Olayın başlangıcı, eski maaş bankası olan Yapı Kredi Bankası'ndan gelen bir telefonla oldu. Banka görevlisi, görüntülü hesap açma girişiminde bulunduğunu ancak güvenlik kriterlerini geçemediğini, bunun bir sahtecilik ihtimali olduğunu belirtti. Bilgin, böyle bir girişimde bulunmadığını söyleyince, hemen savcılığa başvurması ve banka hesaplarını kontrol etmesi tavsiye edildi.
E-devlet üzerinden yapılan kontrolde, adına 5 farklı bankada hesap açıldığını öğrenen Bilgin, Risk Merkezi Raporu çıkardığında ise borçlandırıldığını fark etti. İlgili bankaları arayarak hesapların dondurulmasını istedi ve avukatıyla birlikte savcılığa başvurarak ifade verdi. Kimliği kaybolmamış veya çalınmamış olmasına rağmen, savcının tavsiyesiyle hemen kimlik kartını değiştirdi.
Sahte Kimlik ve Görüntülü Görüşme Yöntemi
Araştırmalar sonucunda, bir kişinin bütün bilgileriyle kendi kimlik kartını ürettiği, ancak üzerine kendi fotoğrafını yapıştırarak görüntülü görüşme yoluyla banka hesapları açtığı ortaya çıktı. Bilgin, bu kişinin kullandığı telefon numaraları ve telefon markalarını tespit ederek Siber Suçlar Şube Müdürlüğü'ne bildirdi.
Bilgin'in ifadesine göre, üç banka ihtiyaç kredisi ve kredi kartı talebine olumlu cevap vermemişken, diğer iki banka kısa sürede talepleri kabul etmiş. Birinde 170 bin TL'lik kredi kartı, diğerinde ise 60 bin TL'lik kredi kartı ve 60 bin TL tutarında ihtiyaç kredisi verilmiş. Tüm bu paralar aynı gün içerisinde harcanmış.
Bankalara yapılan itirazlar ve çekilen ihtarlara rağmen, süreç oldukça yavaş ilerliyor. Bilgin, yaşadığı gariplikleri şu şekilde anlatıyor: "Mesela hesabım açılır açılmaz birisi bana 5 (beş) TL göndermiş. Nadir görülecek bu ismi internetten araştırdım ve bir tıp profesörü olduğunu gördüm. Muhtemelen onun da kimliği taklit edilerek sahte hesap açılmıştı."

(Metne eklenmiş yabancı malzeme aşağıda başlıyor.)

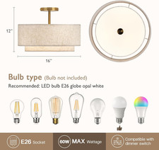 16" Double Drum Gold 3-Light Semi Flush Mount Ceiling Light, Classic Fabric Line
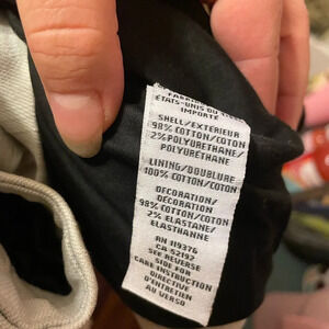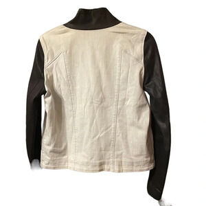 Pre owned like new. This is a really cute unique jacket. The front and back are a super light wash denim and the sleeves are a contrast black sleeve that have a faux leather/coated feel. The size has been removed but I believe this is a medium. Measurements below
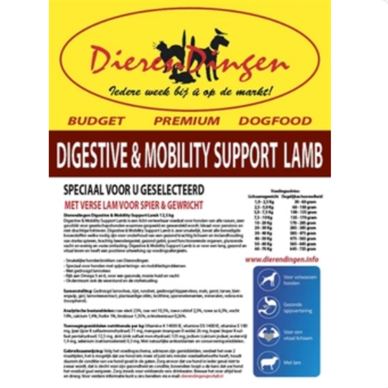 Budget Premium Digestive & Mobility Support Lamb is an easily digestible food for dogs of all breeds, particularly suitable for companion dogs that are played with and taken for walks. Ideal for boarding houses and non-pregnant breeding females. Digestive & Mobility Support Lamb is very tasty, contains all the necessary building blocks for a healthy and efficient body and maintains strong muscles, strong bones, healthy teeth, well-functioning organs, a shiny coat and few and solid stools. Digestive & Mobility Support Lamb is for a long, healthy and vital life and has a positive influence on food allergies.
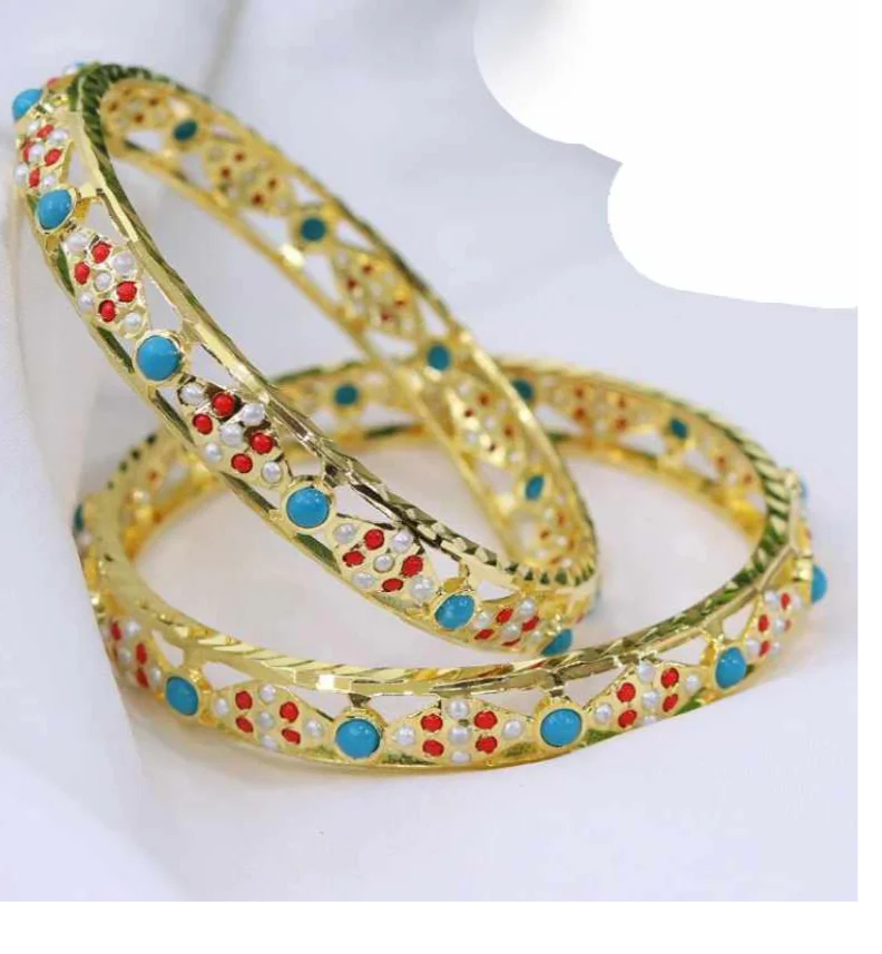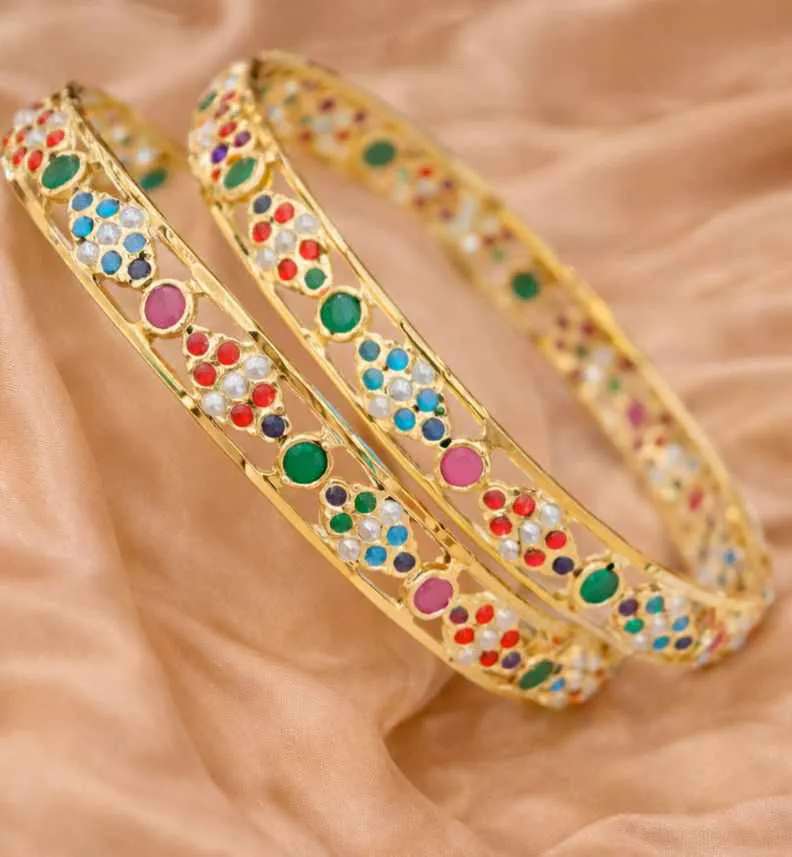Each piece showcases a harmonious floral lattice design, enriched with vibrant stone embellishments that add a graceful pop of color while maintaining a regal gold-toned base. The detailed craftsmanship reflects heritage aesthetics, making these bangles perfect for weddings, festive occasions, and cultural celebrations.
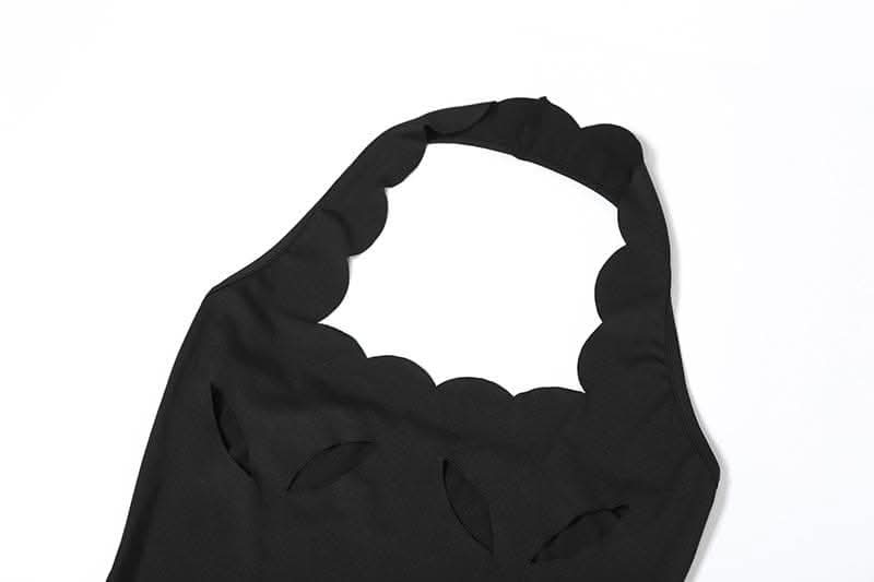 Halter hollow out backless high slit cut out maxi dress-final-sale
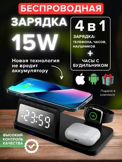 Беспроводная зарядка iphone, android 4 в 1 часы и ночник
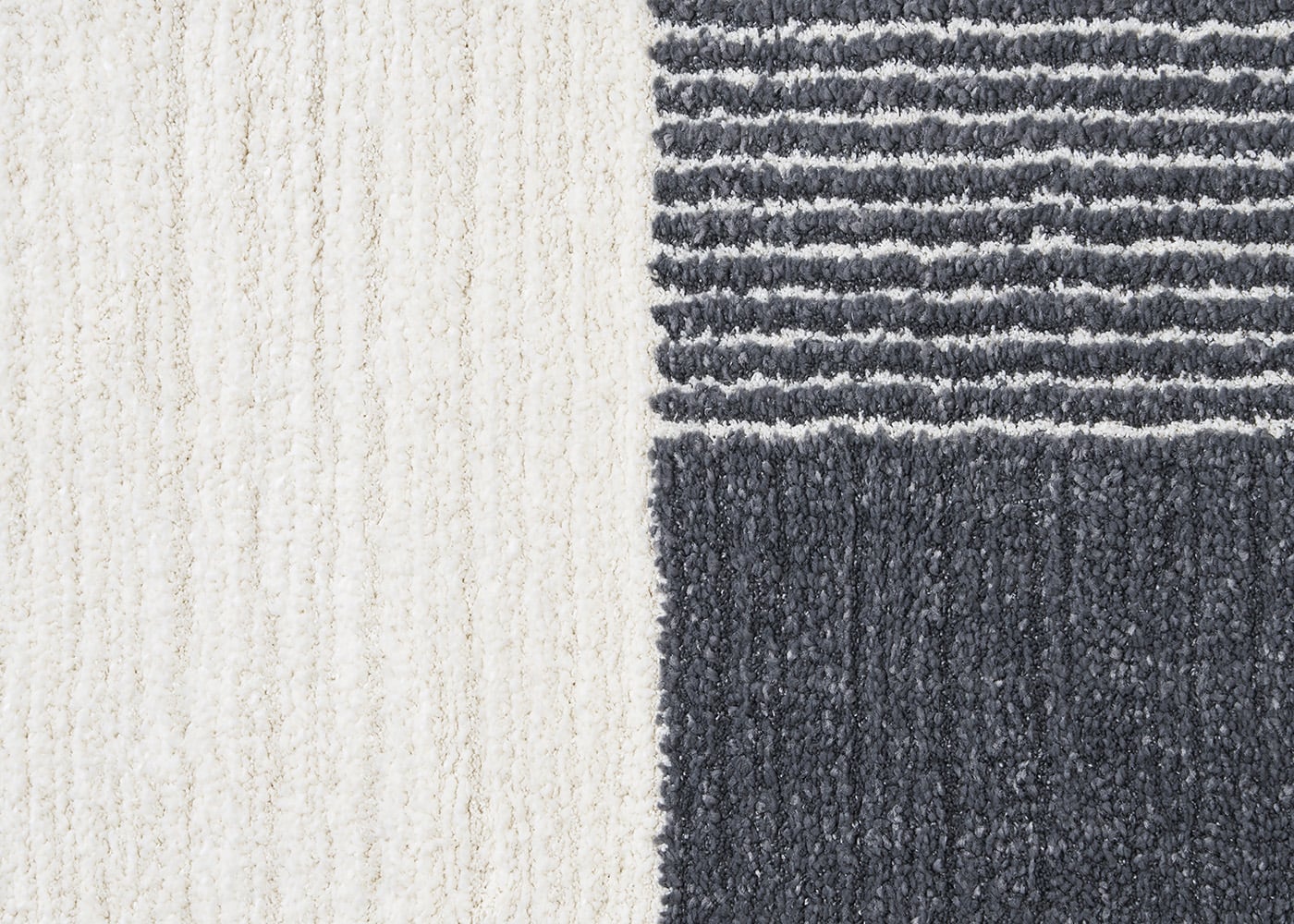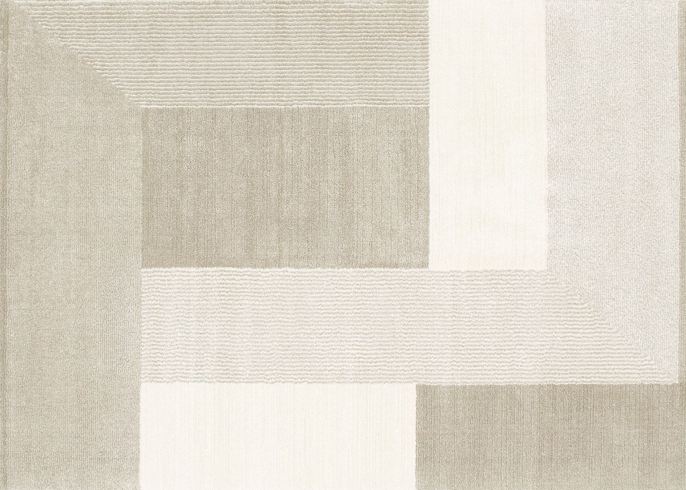 ⼿織りのような⾵合いと繊細な織り模様を機械織りで表現したウィルトン織りで作られたレクタ。グレーからホワイトの美しいグラデーションを用いた配色が特長です。
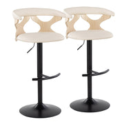Gardenia - Contemporary Adjustable Barstool With Swivel With Rounded T Footrest (Set of 2) - Natural / Black / Cream
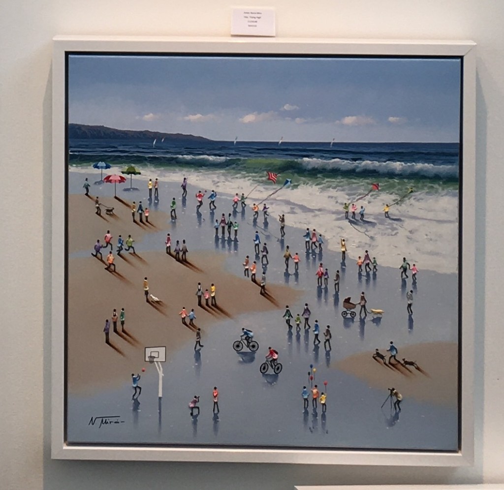 The skilful depiction of shadow in paint and the brilliant intricate impasto of the brightly coloured figures on a beach invited a closer look at Flying High by Nuria Miro. The people on the beach flying kites drew the attention to the waves and mirrored the sails in the distance on the sea, whilst on the sand the direction of the shadows to the opposite balanced the composition giving movement to the figures. A delightful painting.
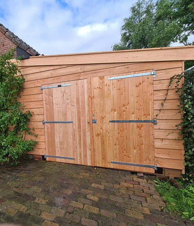 Schuur - Carport uitgevoerd in onbehandeld Larix. Geplaatst in Roden.
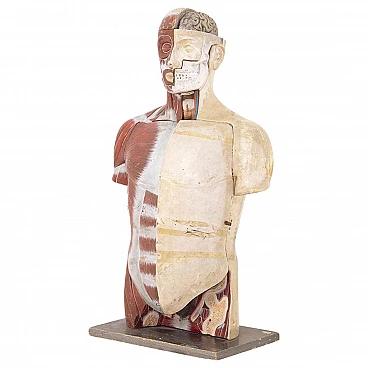 Torso anatomico prodotto negli anni '60 da Produzione Scientifica Paravia, nota per i suoi accurati modelli di anatomia. Questo modello anatomico è stato creato migliorando i metodi di fabbricazione della carta iniziati nel 1891 circa. Questi metodi hanno portato a modelli resistenti all'aria secca e all'umidità. Modello anatomico del 1960 su lastra di legno: l'esterno della figura mostra una metà scomposta del torso che rivela la struttura muscolare del corpo;, il petto e l'addome sono costituiti da una sezione rimovibile che è attaccata da clip metalliche al corpo principale, la rimozione della lastra rivela gli organi interni che non sono presenti. L'interno e l'esterno della figura sono dipinti e laccati per rappresentare ulteriormente un torso umano e la sua struttura anatomica, la figura è sostenuta su una base costruita da un legno scuro a grana stretta. La figura è fatta di pasta fibrosa che riveste una struttura di filo e legno. Strati di fibra sono applicati alla pasta per creare un substrato su cui è applicato uno sfondo bianco (gesso), questo sfondo fornisce la base su cui sono applicate arterie e vene fatte di filo. Sia l'interno che l'esterno della figura sono laccati: i molti colori utilizzati comprendono i rossi e i blu (che rappresentano le zone ossigenate o impoverite di ossigeno) così come le ocre, i marroni e i verdi. Questo antico modello di torso anatomico dipinto a mano è stato usato per insegnare la classe. È fatto di cartapesta e gesso su legno ed è un modello grande. Ha anche un supporto sul retro ma è bello da usare come decorazione murale. Tracce di età e uso, qualche perdita di vernice.
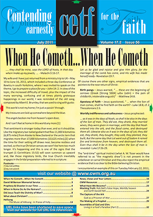 Once more we commend the articles in this issue of CETF to your prayerful consideration and ask you to sincerely and earnestly pray for the forthcoming CWM Conferences in New Zealand and Australia on the theme of The Vanishing Gospel and the Call of God to Preach The True Gospel. This is undoubtedly the most important issue facing the church in our time – see separate promotional literature enclosed.
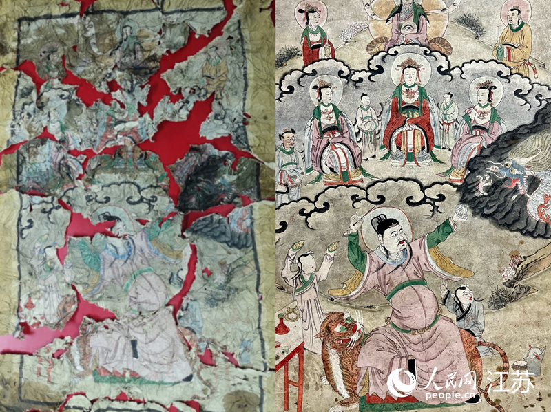前后三個(gè)月時(shí)間里,她幾乎每天工作12小時(shí),毛筆、糨糊、排筆、噴壺、棕刷……輪流上陣,只為撫平褶皺,拼合裂痕。最終,陳思燚“妙手回春”,讓188個(gè)紙漿團(tuán)殘片,還原成了一幅長(zhǎng)1.55米、寬0.6米的人物彩畫。陳思燚說(shuō),“這幅畫被撕成碎片,團(tuán)成一團(tuán)后環(huán)境相對(duì)封閉,一定程度上減弱了畫心顏色流失,能讓我最大限度地還原,這讓我很有成就感?!?/p>
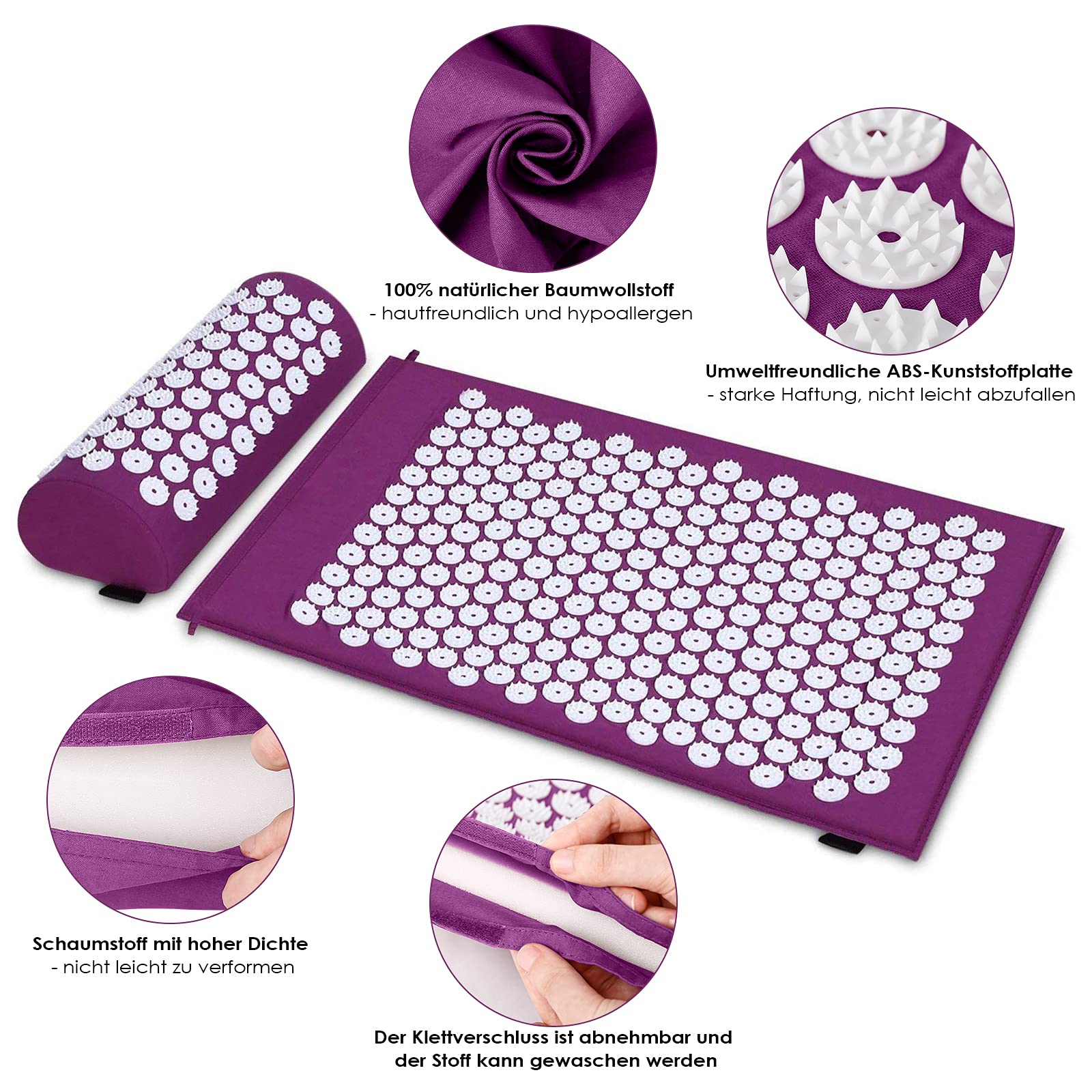 - 🧘♀️ECOLOGICALLY FRIENDLY MATERIAL: The acupressure mat with acupressure pillow is made of skin-friendly cotton fabric. The nubs are made of non-toxic acrylonitrile butadiene styrene (ABS) plastic. It contains no other potentially allergenic substances, so you can use it with confidence. The interior is filled with high-density foam that is resistant to deformation.
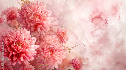 pink flowers background. Texture of pink and gold watercolor patterns. Pink Chrysanthemums flowers, subtle gradient background, with the space for text. Mock up
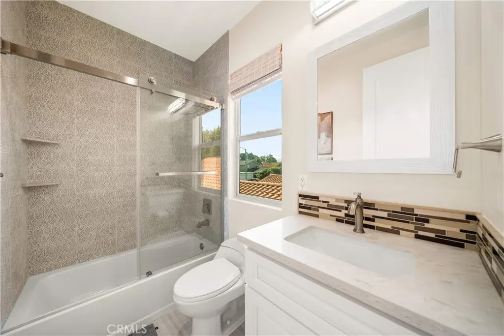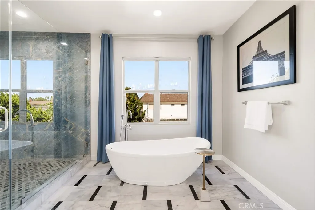 Additional features include fully paid solar, epoxy-coated garage flooring, natural stone hardscape in front and back yard, speakers
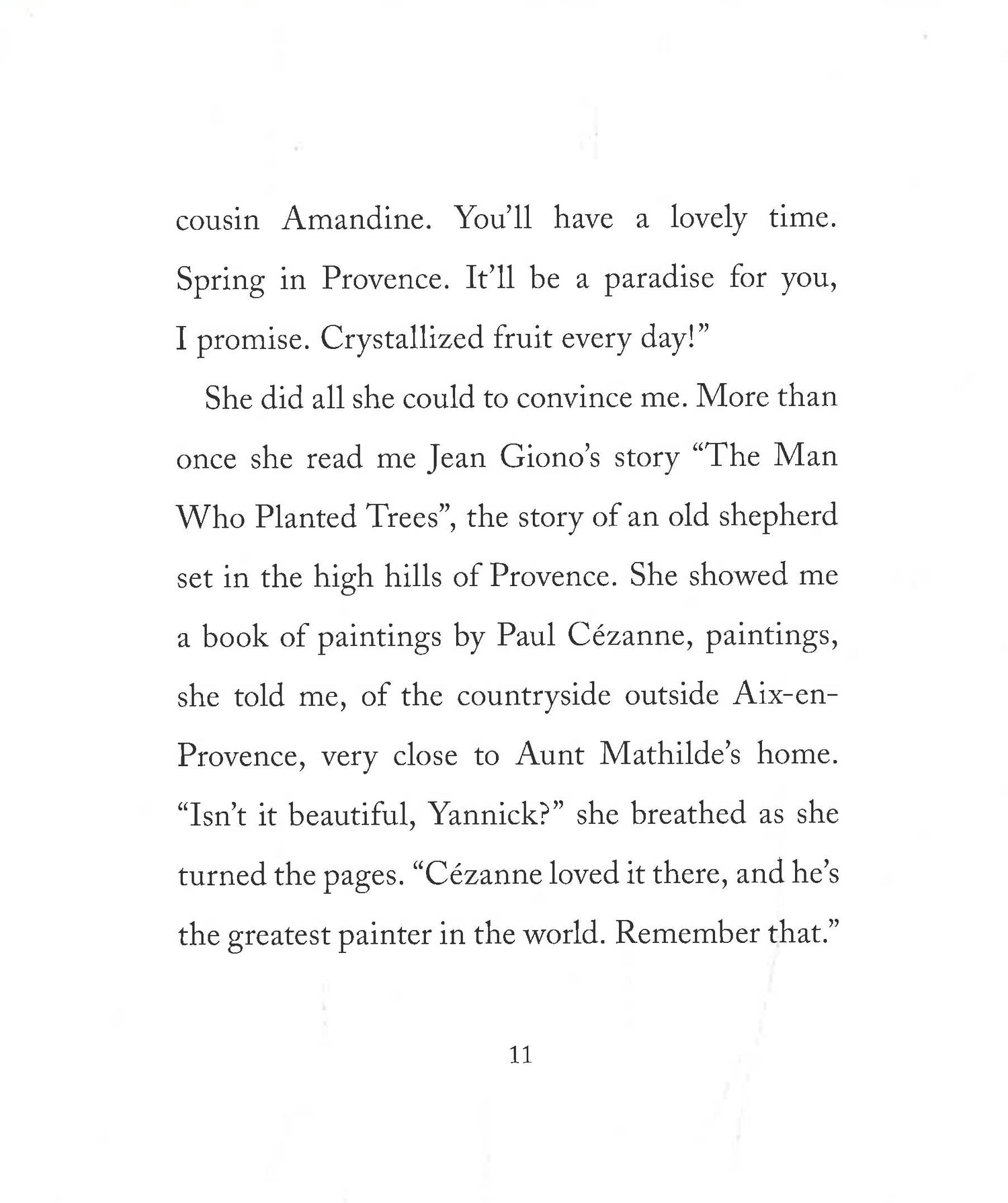 When Yannick is sent to stay with his Aunt Mathilde in the South of France, he cannot believe his luck. If the paintings of his mother’s beloved Cezanne are to be believed, surely Provence is paradise itself. So begins an idyllic month for the young boy. By day he roams the rolling hills and valleys of Aix-en-Provence. At night, he helps out at his aunt’s bustling village inn. All the while, he dreams about his beautiful cousin Amandine, feeling he has come to the most wonderful place in the world. But Yannick’s joy is shattered when he accidentally destroys a precious drawing by Cezanne himself. As he tries to put things right, he makes the most surprising discovery…

Hukuki Süreç ve Mağduriyetler
Süreç içerisinde karakoldan ifadeye çağrılan Bilgin, Yapı Kredi Bankası'nın sahte kimlik üreten kişiyle ilgili suç duyurusunda bulunduğunu öğrendi. Şüpheli sıfatıyla ifade vermek zorunda kalan Bilgin, sahte kimlik üretmediğini ve böyle bir şey yapmasının mümkün olmadığını belirtti. Bir banka, hesap açma görüntüleri ve harcamalarla ilgili tüm bilgilerin Siber Suçlar Şube Müdürlüğü'ne gönderildiğini, mahkeme sonucunda haklı görülürse mahsuplaşacaklarını söyledi. Ancak bu durum, Bilgin'in önce borcu ödemesi, sonra haklı çıkarsa geri alması anlamına geliyordu.
Tüm bu süreç, Bilgin'in moralini oldukça bozmuş durumda. Bir yandan borçlarla uğraşırken, diğer yandan şüpheli sıfatıyla ifade vermek ve ATM taşlama gibi suçlamalarla karşılaşmak insanı yıpratıyor. Bilgin, bu olayda aslında dolandırılanın kendisi değil, bankalar olduğunu düşünüyor. Kendisi sadece bir mağdur ve bu mağduriyetinde zayıf güvenlik sistemlerine sahip bankaların da payı olduğunu vurguluyor.
- Kimlik bilgilerinin korunması
- Banka hesaplarının düzenli kontrol edilmesi
- Şüpheli durumlarda hemen yetkililere başvurulması
- Görüntülü görüşme ile hesap açma işlemlerinde dikkatli olunması
Bu olay, internet bankacılığı ve kimlik güvenliği konusunda ne kadar dikkatli olunması gerektiğini bir kez daha gözler önüne seriyor. Prof. Dr. Vejdi Bilgin'in yaşadığı bu deneyim, herkes için önemli bir ders niteliğinde.